Maureen wanted her policy reinstated, but failing this she wanted Judy to compensate her for $48,000, being the amount she would have to pay in premiums over the next 8 years, until cover ceased because Maureen turns 65.

Judy’s view

Judy did not consider she was liable for Maureen’s loss saying that Maureen wanted to cancel the premium cover.  Judy said she advised Maureen against the cancellation, and she gave us a diary note recording her advice to Maureen at the time.

Review

Unreliable record

When reviewing this complaint, we discovered that the file note relied upon by Judy recording her advice to Maureen was unlikely to have been made at the time the advice was given.  Judy gave us her original file, but the file note Judy referred to was not on the file.  We considered it most likely that Judy had written the note after the complaint was made.  While it may have been Judy’s memory of her conversation with Maureen, it was not able to be relied upon as a note made at the time of the advice.

Shared responsibility for cancellation

We accepted that Maureen did not intend cancelling the premium cover entirely.  However, Judy did not clarify the extent of Maureen’s instructions, which contributed to the error in the cancellation letter.  We considered Maureen had also contributed to the loss by signing the cancellation letter and not noticing the premium cover was missing from the remaining cover set out in the insurer’s letter following the cancellation.

In our view, we considered it would be reasonable for Maureen and Judy to share the loss.  We suggested that Maureen and Judy meet to discuss their respective contributions to Maureen’s loss and how the complaint might be resolved.  While Maureen was prepared to meet, Judy declined.

Outcome

Insurer calculates Maureen’s net loss

If the premium cover had remained in place the insurer would have paid Maureen and Brian’s insurance premiums for the next 8 years, when Maureen turned 65.  We asked the insurer to calculate the amount Maureen was likely to pay for all her insurance policies over the next 8 years and the amount she would have paid for the premium cover, leaving Maureen with a net loss of $44,704.92. 

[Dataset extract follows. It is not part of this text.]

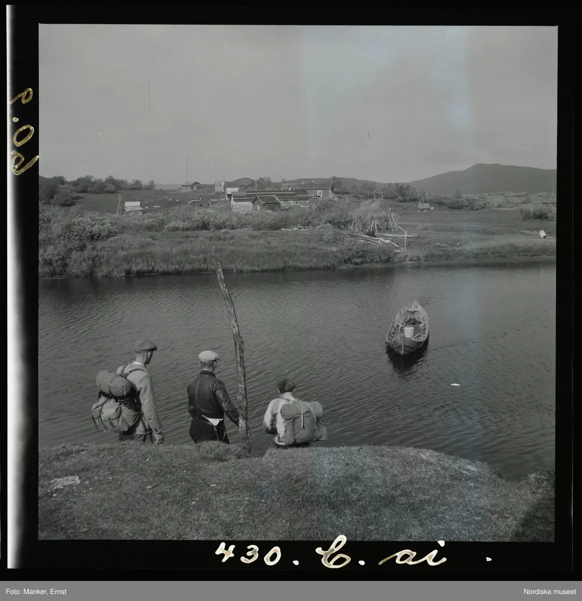 Tre män drar en eka över vattnet vid fjällgården i Kummavuopio, sommaren 1943.

Discounted to reflect contingencies

We then discounted $44,704.92 by one third, to take into consideration the possibility that Maureen’s need to pay the premiums could cease at any point – she could die or return to work meaning she would no longer be entitled to the premium cover benefit (had it still existed). 

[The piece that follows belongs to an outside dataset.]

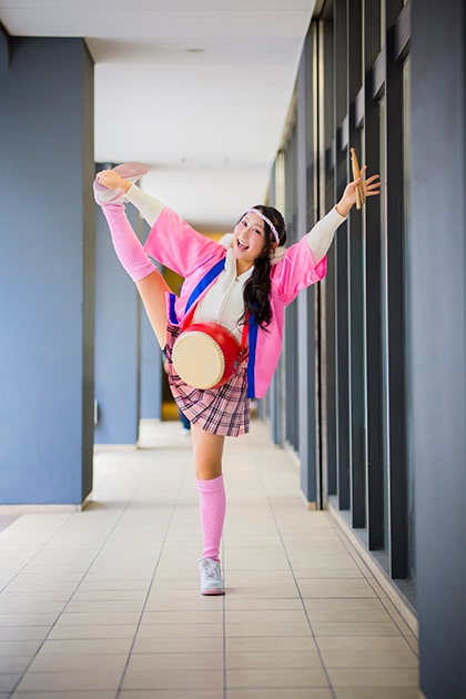 想像以上に大変で、本番を迎えるまではアンハッピーでした(笑)。だけどやり終えた後は、自分で書いたもので笑ってもらえることがこんなに楽しいんだという達成感で胸がいっぱいになりました。これまでもネタは書いてきたけれど、自分の台本を先輩や後輩に渡して、それを演じてもらうのは初めての経験でした。皆さんの貴重な時間をいただいて稽古もさせてもらったし。そうそう、単独で一番難しかったのは、新喜劇の出演者12人のスケジュールを合わせることだったかも。12⼈に私が指⽰して演技指導するのが恐れ多くて、「もっとはっきり言ってもらってええで!はっぴが座長やねんから」と流石にフィーバーの良元カルビさん、オーパスツーさんなど⾊んな⽅に協⼒していただき成功させることができました。

Discounted again to take Maureen’s contribution into consideration

We then took the discounted figure of $29,995.29 and deducted a further 60% to take into consideration Maureen’s contribution to the situation.  We decided that Maureen was marginally more responsible for the loss because she had two opportunities to discover the loss and Judy did not.  A 60% reduction brought the compensation to $11,998.

Discounted further because payment now has additional value

Finally, we needed to take into consideration the value of money paid to Maureen now, in advance of her obligation to pay the premiums.  If Maureen were to invest $10,000 earning compounding interest of 5%, paying tax at 17.5%, she would have $12,286 after 8 years, close to the $11,998 already calculated.

We therefore recommended Judy pay Maureen $10,000.  Maureen was disappointed with the amount of compensation we proposed, but accepted our recommendation and the complaint was resolved on this basis.

Our insight

Insurance advisers are providing expert advice that can have serious and far-reaching consequences for their clients.  It is essential that insurance advisers carefully clarify and explain the consequences of their client’s instructions.  When communicating with insurers, and their clients, adviser should ensure instructions are clear and unambiguous.  We also stress again the importance of accurate records made at the time advice is given.